Today, Maison Drouhin owns vineyards in the Côte de Nuits and Côte de Beaune (the two halves of Burgundy’s Côte d’Or), where its headquarters winery is located, as well as in Chablis, Beaujolais and in Oregon’s Willamette Valley (the latter known as Domaine Drouhin Oregon). It remains one of Burgundy’s main wine-selling companies and makes wines from grapes grown on its own vineyards as well as from grapes and juice purchased from vineyards throughout the region. Four Drouhin siblings run the company — three brothers who act independently as CEO, estate property manager and head of overseas sales, and their sister (a trained oenologist) who is the chief winemaker for Domaine Drouhin Oregon. Their father, Robert, is credited with ending the use of chemical fertilizers in his vineyards and with being one of France’s first large-scale producers to hire a female chief winemaker.

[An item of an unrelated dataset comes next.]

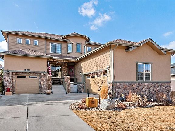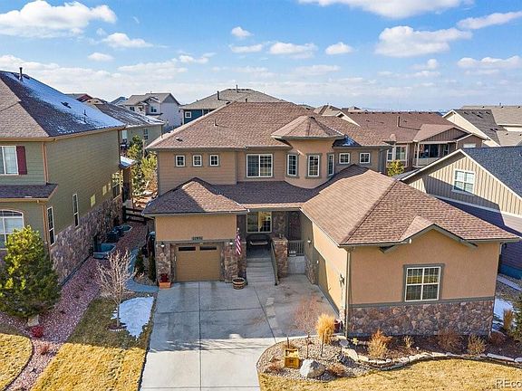 A mountain modern Toll Brothers home in the coveted Idyllwilde/Legend High School and Cimarron Middle School neighborhood! Walk to school, Fika coffee house and the pool or rec center, and enjoy easy access to downtown Parker and major city essentials while being tucked away in the heart of Parker. An open concept two story home with vaulted great room flooded with natural light and an expansive floor-to-ceiling fireplace, side private coffee or wine deck, gorgeous hardwood flooring and a pristine kitchen with eat in space and lovely outdoor entertaining spaces with the custom-made pergolas. The spacious Owner's suite features envious downtown views, five piece bath with soaking tub and expansive shower provide the perfect haven. Work or school from home in the main floor dedicated office with French Doors. The upstairs secondary bedrooms include a jack-n-jill bathroom with private sinks and walk in closets. This home provides room to grow with a spacious finished basement with a media room bedroom and 3/4 bathroom. Outdoor entertainer's dreams abound with multiple pergolas with built-in BBQ/kitchen, extended decking, covered patios with outdoor speakers, yard to play and a custom natural gas fire pit. Upgrades throughout include lighting, speakers, 3 garage with over-sized garage doors, and more. This home is turn-key, meticulously maintained and won't last long!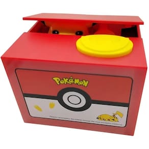 Excelente opção para decorar o ambiente! Cofre automático com um Pikachu Pokémon muito meigo escondido na caixa. Você coloca uma moeda sobre o pratinho e o Pikachu sai da caixa e rouba a moeda. Ótima e divertida maneira de ensinar as crianças a poupar dinheiro e juntar moedas. Fica lindo e chama muito a atenção sobre os balcões de bares, padarias, lojas, ONGs, escritórios, quermesses, secretarias de escola e qualquer outro local que recolha doações ou caixinha para os funcionários. Também estimula a doação para artistas e performers de rua. Um lindo presente para adultos e crianças. Para tirar as moedas é só abrir o compartimento embaixo. Funciona com duas pilhas pequenas (AA).

Wines sold under the Joseph Drouhin label can fetch prices ranging from $10 to more than $400 per bottle, but I’ve been truly impressed by the entry-level Joseph Drouhin “LaForêt” Bourgogne Pinot Noir which costs between $12-$15, depending on where you find it. This is not a “grand cru” wine, nor a “premier cru;” it doesn’t have the tongue-twisting name of a village or a vineyard on its label. Instead, it sits on the bottom rung of Burgundy’s Pinot Noir ladder — and it is fantastic.
I tried Drouhin’s 2009 LaForêt, but you needn’t worry too much about the vintage because Drouhin strives for a consistent style with this wine. It’s made from 100 percent Pinot Noir, using grapes sourced from as many as a dozen sites around Burgundy — usually from higher vineyards near where the grapes end and the forest takes over, hence “la forêt,” French for “the forest.” After a two to three-week maceration (think steeping) and fermentation period, part of the wine is aged for several months in stainless-steel vats and part in oak barrels. When the two are blended, the goal is to create a wine that’s not noticeably “woody” but has the added structure, aromas and tannins that oak imparts.

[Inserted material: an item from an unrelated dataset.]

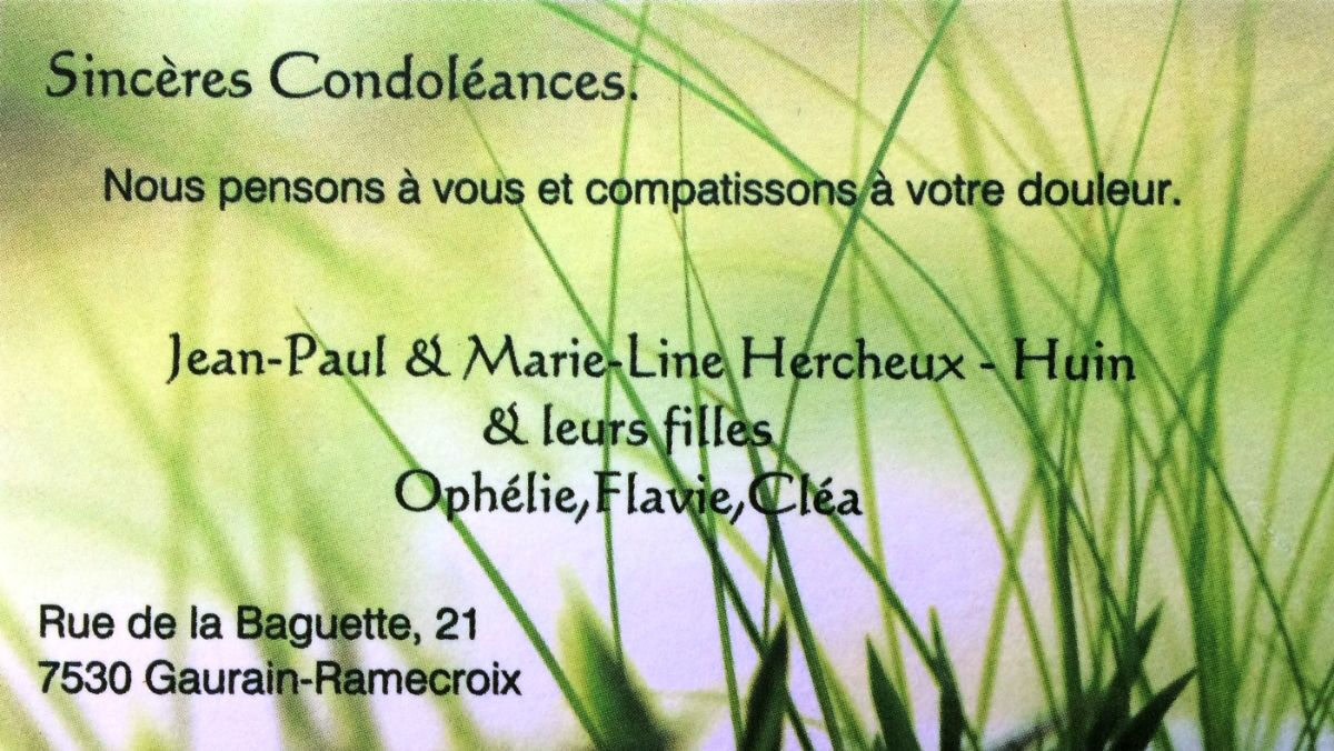 Nous présentons nos plus sincères condoléances à toute la famille et souhaitons à Esther tout le courage nécessaire pour surmonter cette difficile épreuve.Puisse les amitiés qui vous entourent vous apporter quelque réconfort.

What does it taste like? Well, if brightness had a flavor, LaForêt would have it. It is zingy and fresh, without being sour or astringent. It’s clear and clean, with lots of red fruit flavors like raspberries, fresh currants and tart cherries, stopping short of cranberry. It’s rich without being thick and crisp without being thin. Mouth-watering acidity enables it to cut the fat. The wine’s aromas precisely mirror the flavors, and there’s a long finish with a sprinkle of spice toward the end. I drank it with my world-famous salmon patties (write me for the recipe, I might share) and it was perfect.
When you’re shopping for wine you should think of Drouhin’s LaForêt as the polar opposite of a big-bodied fruit bomb like a Southern California Zinfandel or a massive Napa Cabernet. Those wines are wonderful in their place, but LaForêt is almost like a white wine in its freshness. In fact, if you know someone who says they “only drink white” wines, LaForêt could open their eyes to what they’ve been missing in reds.

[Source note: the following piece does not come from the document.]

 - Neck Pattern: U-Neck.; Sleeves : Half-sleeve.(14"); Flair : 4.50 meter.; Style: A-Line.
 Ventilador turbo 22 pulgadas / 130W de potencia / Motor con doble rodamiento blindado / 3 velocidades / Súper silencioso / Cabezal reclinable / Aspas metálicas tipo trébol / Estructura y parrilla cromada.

I’m not the only one who likes LaForêt, by the way. Jon Thorsen, a.k.a. The Reverse Wine Snob whose motto is “Thumbing My Nose At Bottles Over $20,” called the 2011 Drouhin LaForêt “one tasty Pinot Noir and a steal for under $15.” You could spend a lot more money for a lot less wine, in my experience.
LaForêt Pinot Noir has a screw-cap, by the way, and is meant for early drinking, not cellaring beyond a handful of years. It also benefits from a light chill — try popping it into the fridge for 30 minutes or, if you crave precision, decant and serve after cooling to 50-55 degrees Fahrenheit. (12.5 percent ABV; widely available at wine shops and better grocery stores.)